Obtain the Laurent expansions of $1/(z+i)$ valid for |z|>1

Question

Background Wunsch-Complex Variables 3e 5.6#6

My attempt: $\sum_{0}^\infty\frac{1}{z}\left (\frac{-i}{z}\right )^n=(\frac{1}{z}-\frac{i}{z^2}-\frac{1}{z^3}+\frac{i}{z^4}\dots)$

Author's solution: $\sum_{-\infty}^{-1}(\color{red}{-1})\left ((-i)^{1-n}z^n\right )=(\frac{1}{z}-\frac{i}{z^2}+\frac{i^2}{z^3}+\frac{\color{red}{i^3}}{z^4}\dots)$

Did I make a mistake? Where did red -1 come from?

I can show my steps but it's just a straight forward application of the formula you can find here as described by Markus Scheuer.

Answer 1

Your formula is fine, so is the authors. They just use a different enumeration. The two ways are related by $n\mapsto -1-n$. Starting with $1-(-1)=2$ they add the factor $(-1)=i^2$ in front.

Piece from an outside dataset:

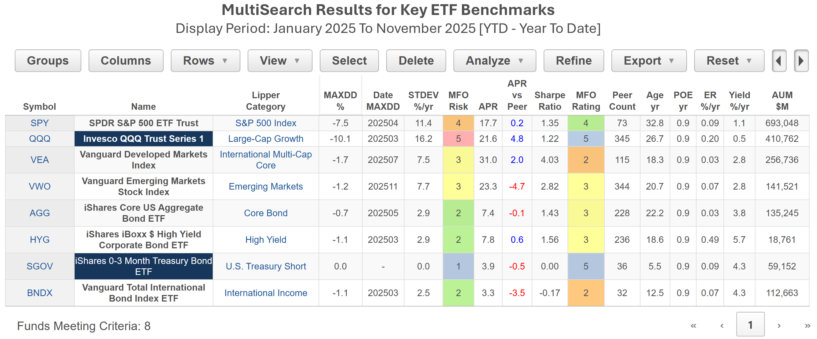- A suite of analytics: Flows, Correlation, Rolling Averages, Up/Downside Capture, Calendar Year and Fixed Period Metrics, Batting Averages, Benchmark Comparisons, Trend and Momentum, Lipper Leaders, Category Averages and Ferguson Metrics.

There is indeed a sign misprint regarding their coefficient to $z^{-4}$. I think yours is more clear.

Answer 2

First put $$\omega=\frac{1}{z}$$ Function becomes $$\frac{\omega}{\omega+i}\\$$ Now expanding$ \frac{1}{\omega+i} $by binomial theorem we get $$\frac{1}{\omega+i}=1-i\omega+({i\omega})^2-......\\$$ now put this result in modified function and replace $\omega=\frac{1}{z}$